To further investigate the biological functions of the DEGs, we performed a pathway enrichment analysis. The result of the GO enrichment analysis showed that DEGs were mainly related to defense responses to other organisms, to the antimicrobial humoral response, and to the response to virus (Figure 2A; Table S2). The KEGG enrichment analysis showed that DEGs were mainly associated with viral proteins interacting with cytokines and cytokine receptors, cytokine–cytokine receptor interactions, and the interleukin (IL)-17 signaling pathway (Figure 2B) (Table S3).

FIGURE 2

Figure 2 Pathway enrichment analyses and PPI network of DEGs. (A) Bar chart of differentially expressed genes’ GO enrichment analysis. (B) Bubble chart of differentially expressed genes’ KEGG enrichment analysis. The top 10 pathway enrichments are shown. (C) The PPI network of the DEGs. (D) Hub genes’ expression between psoriatic lesion samples (LS) and non-lesion samples (NL). p values were calculated using a Wilcoxon signed-rank test. Asterisks corresponding to p values<0.05 (****< 0.0001).

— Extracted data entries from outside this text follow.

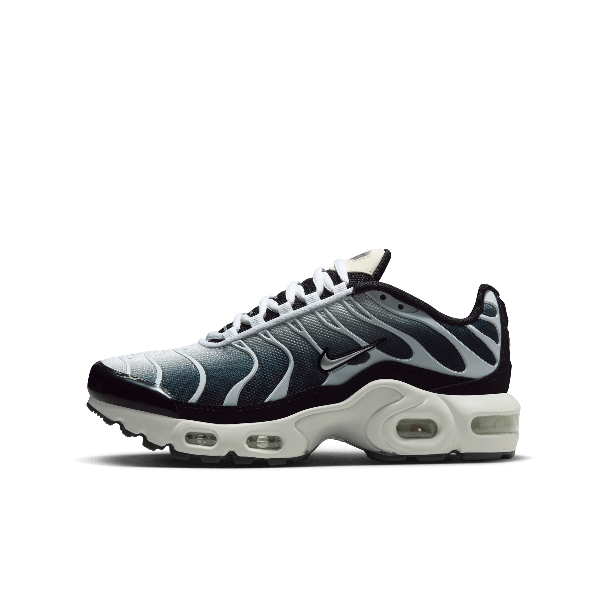 - Nike Air Max Plus Black White Sail Metallic Cool Grey (GS)
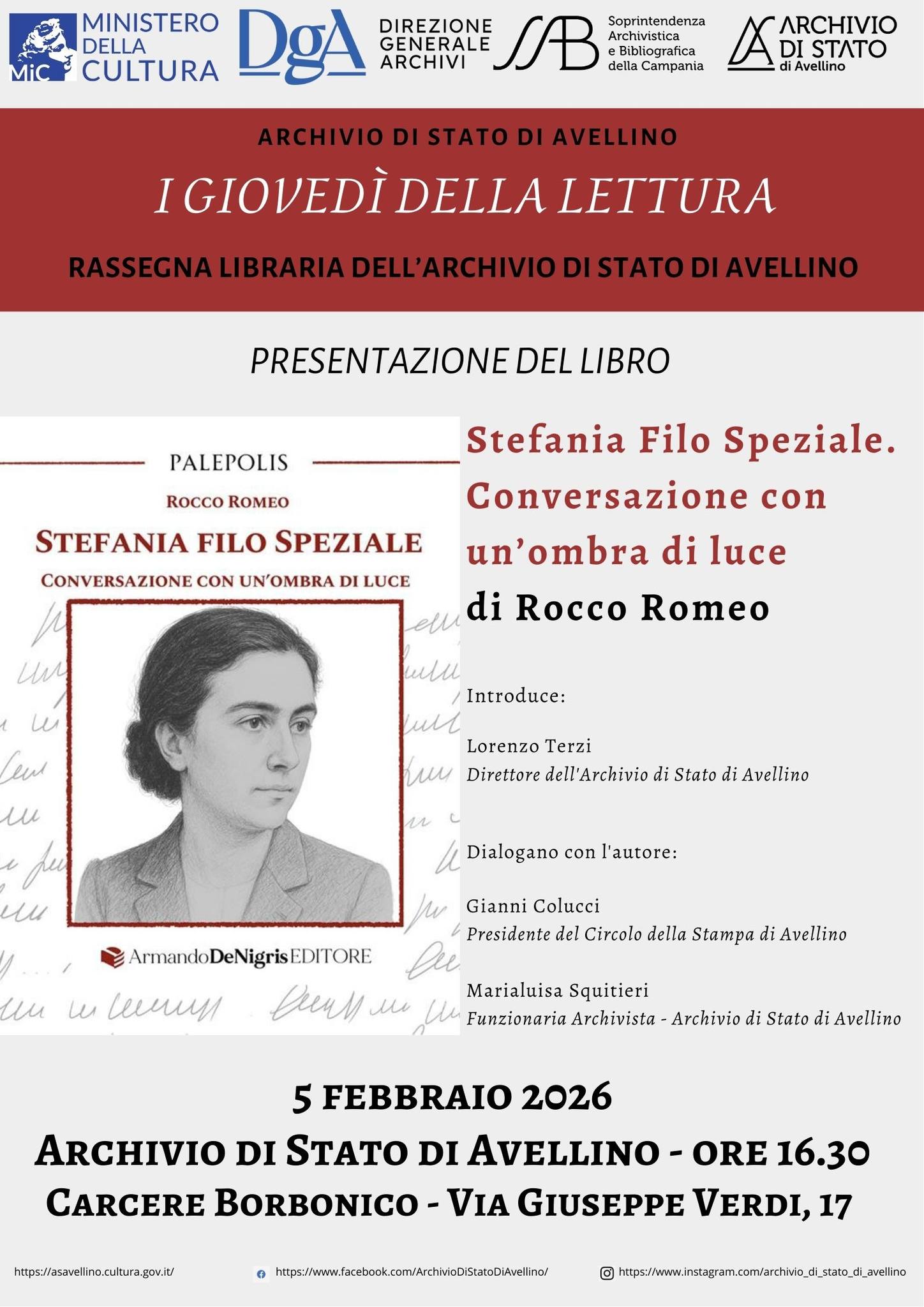 Giovedì 5 febbraio 2026, alle ore 16:30, si terrà un nuovo appuntamento della rassegna libraria dell’Archivio di Stato di Avellino “I giovedì della lettura”.
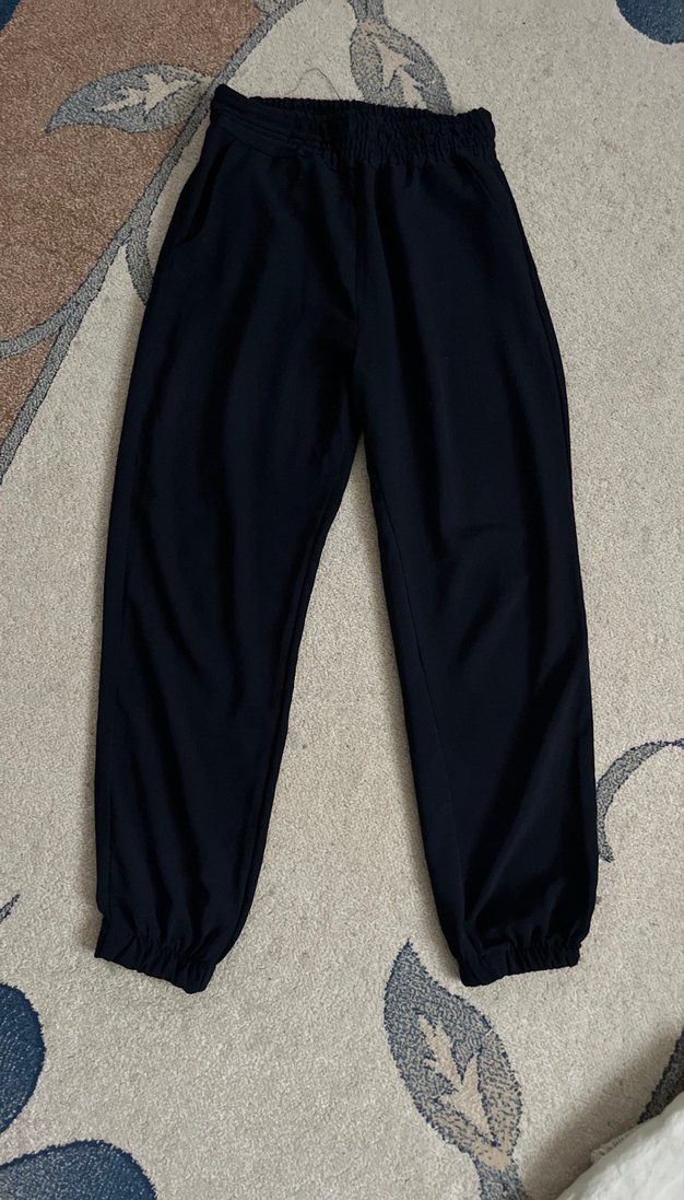Siyah, bol kesim, midi boy kadın eşofman altı. Yumuşak sentetik kumaştan, rahat ve şık günlük kullanım için uygun.
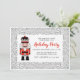 Invite friends and family to a Christmas party with this cute holiday nutcracker party invitation. An elegant Red and silver faux glitter Christmas nutcracker decorates this invitation with an elegant faux glitter border. Customise it with your party details. Designed for you by Blackberry Boulevard.

To screen for hub genes, we first constructed a protein–protein interaction (PPI) network with 32 nodes and 1347 interaction edges (Figure 2C). In the PPI network, a total of 11 genes (RSAD2, IFIT1, MX1, ISG15, IFI27, OAS3, OAS2, IFI6, IRF7, OAS1, and IFI44L) were identified as hub genes with degrees ≥ 10 (Table S4). All of those genes were AVPs, and were significantly upregulated in psoriatic lesions (Figure 2D).

GSEA of scRNA-seq

To investigate the expression of AVPs in psoriatic lesions at single-cell resolution, we collected tissue from 3 psoriasis patients and tissue of a similar region from 3 healthy donors and performed single-cell RNA sequencing (scRNA-seq). After standard data processing and quality control procedures, we obtained transcriptomic profiles for 24,234 cells. Principal cell clusters were classified using an unsupervised graph-based clustering strategy. Cells with similar profiles were annotated using the singleR package.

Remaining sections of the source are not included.